_TASK DETAILS_.
Write the entries out again in full and unchanged, dropping every image.

TASK MATERIAL Start Marker

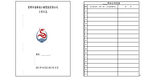 為了更好地推動(dòng)工作,提高工作效率和員工的責(zé)任感,貸款公司開展了員工工作日志制度。使每位員工都能清楚自己今天做了哪些工作,哪些工作還沒有做,自己心里有一個(gè)工作算盤,如何合理安排時(shí)間,去有效落實(shí)工作,把工作干得更好,更出色。公司還規(guī)定每半月亮工作日志、談感悟。同時(shí)通過工作日志,也能具體掌握全體員工的工作概況,對(duì)工作中的得與失,起到很好的檢驗(yàn)和總結(jié)作用。
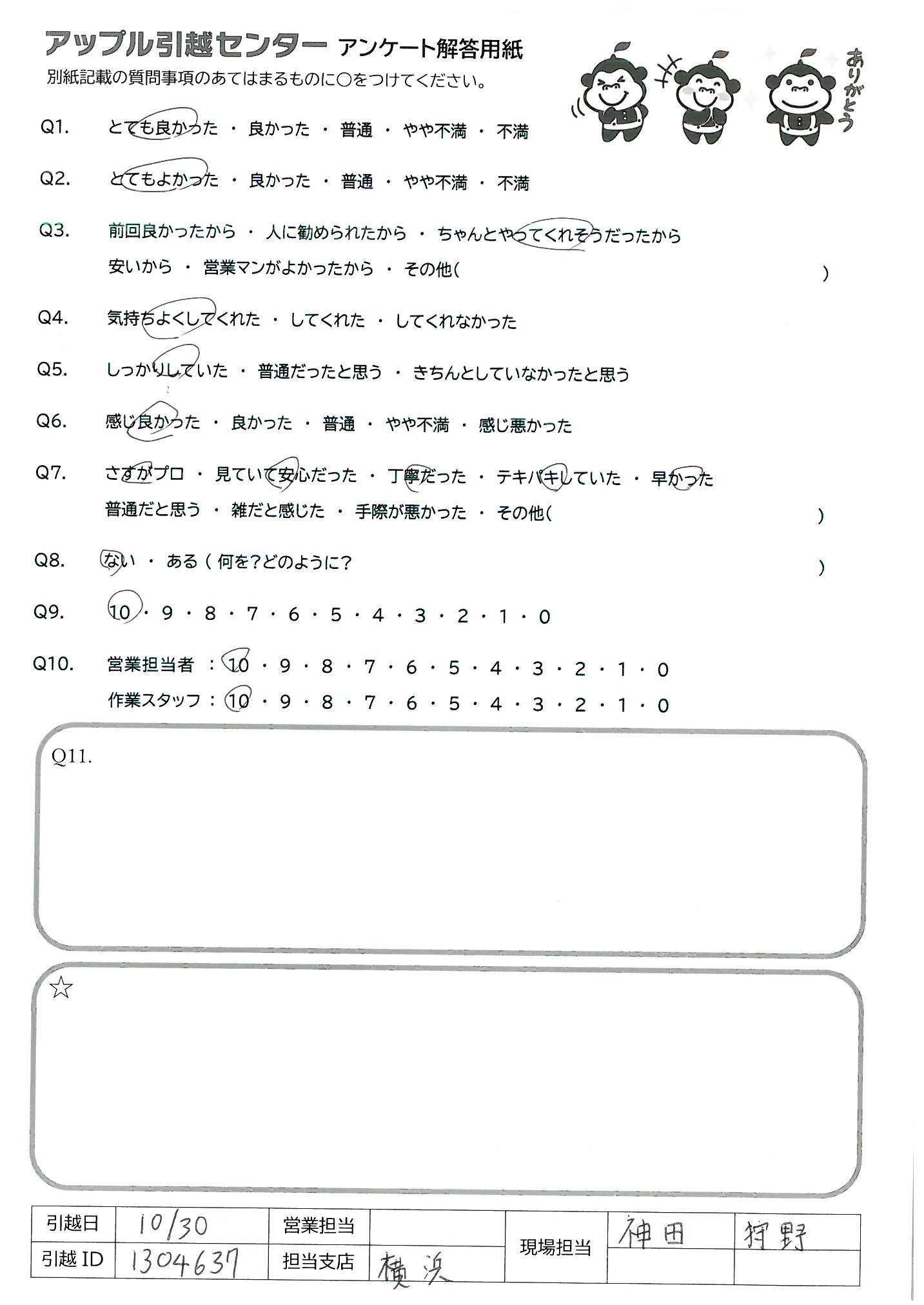引越し日:2021年10月30日 エリア:神奈川県横浜市港北区
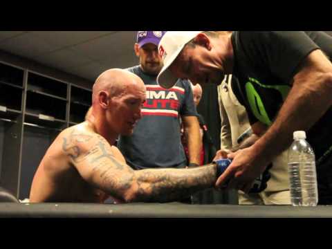 “Right before I fought Brian Stann I actually went out. My brother worked in Las Vegas in a place that sold those frozen drinks, you know? Anyways, I got blackout drunk the day before weigh ins. I went back into the Hard Rock and for some reason something upset me, so I was in the bathroom stall the back bathroom stall and I kicked my way all the way to the exit by kicking the stall walls down. They were like marble stall walls, so I just decided to kick all the stall walls down to the exit, and big surprise I got arrested. So the security guard for Hard Rock is handcuffing me and everything else and the guys I was with where like from Ireland, and apparently they thought I was Irish too because I was just mocking their accent, penetrating with them, but I think they literally thought I was Irish, and so I ended up bribing my way out. So before his reinforcements came I gave him $500 bucks, he let me run up to my room. Ended up waking up. My phone is ringing off like crazy and wake up in a pile of puke and I’m late for my photo shoot for the UFC. It was a nightmare ’cause I thought I was only eight in the morning, but somehow I set the alarm wrong on the wall, and that’s the time I wanted to wake up. I thought it was eight in the morning, but it was actually noon. And that was maybe two, maybe three days before I had to step in and have a war with Brian Stann.”
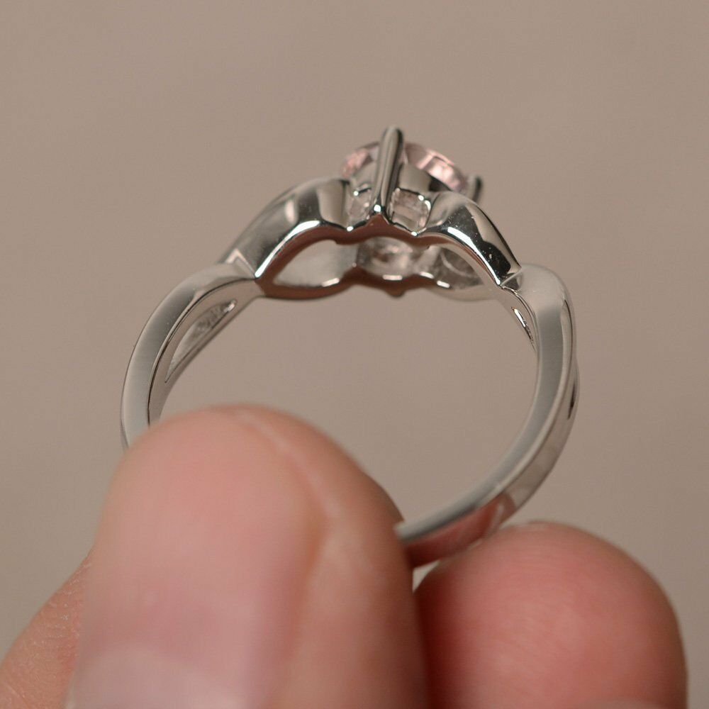 1.5ct Round Cut Peach Morganite Engagement Ring 14k White Gold Finish Infinity
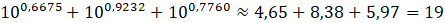 Skorzystaj z tablic logarytmów i oblicz sumę.
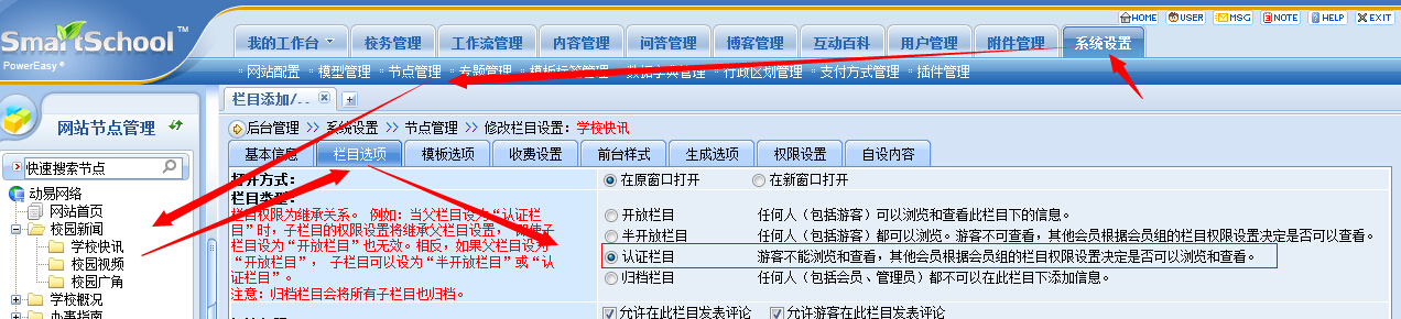 解决方案:选择栏目类型为认证栏目。
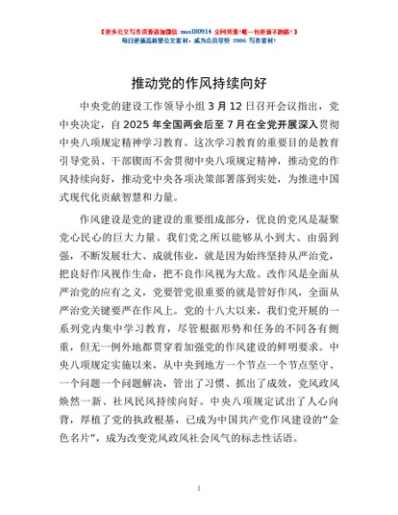 / 推动党的作风持续向好

TASK MATERIAL End Marker

_RESULT OF THIS TASK_.
 為了更好地推動(dòng)工作,提高工作效率和員工的責(zé)任感,貸款公司開展了員工工作日志制度。使每位員工都能清楚自己今天做了哪些工作,哪些工作還沒有做,自己心里有一個(gè)工作算盤,如何合理安排時(shí)間,去有效落實(shí)工作,把工作干得更好,更出色。公司還規(guī)定每半月亮工作日志、談感悟。同時(shí)通過工作日志,也能具體掌握全體員工的工作概況,對(duì)工作中的得與失,起到很好的檢驗(yàn)和總結(jié)作用。
引越し日:2021年10月30日 エリア:神奈川県横浜市港北区
 “Right before I fought Brian Stann I actually went out. My brother worked in Las Vegas in a place that sold those frozen drinks, you know? Anyways, I got blackout drunk the day before weigh ins. I went back into the Hard Rock and for some reason something upset me, so I was in the bathroom stall the back bathroom stall and I kicked my way all the way to the exit by kicking the stall walls down. They were like marble stall walls, so I just decided to kick all the stall walls down to the exit, and big surprise I got arrested. So the security guard for Hard Rock is handcuffing me and everything else and the guys I was with where like from Ireland, and apparently they thought I was Irish too because I was just mocking their accent, penetrating with them, but I think they literally thought I was Irish, and so I ended up bribing my way out. So before his reinforcements came I gave him $500 bucks, he let me run up to my room. Ended up waking up. My phone is ringing off like crazy and wake up in a pile of puke and I’m late for my photo shoot for the UFC. It was a nightmare ’cause I thought I was only eight in the morning, but somehow I set the alarm wrong on the wall, and that’s the time I wanted to wake up. I thought it was eight in the morning, but it was actually noon. And that was maybe two, maybe three days before I had to step in and have a war with Brian Stann.”
 1.5ct Round Cut Peach Morganite Engagement Ring 14k White Gold Finish Infinity
 Skorzystaj z tablic logarytmów i oblicz sumę.
 解决方案:选择栏目类型为认证栏目。
 / 推动党的作风持续向好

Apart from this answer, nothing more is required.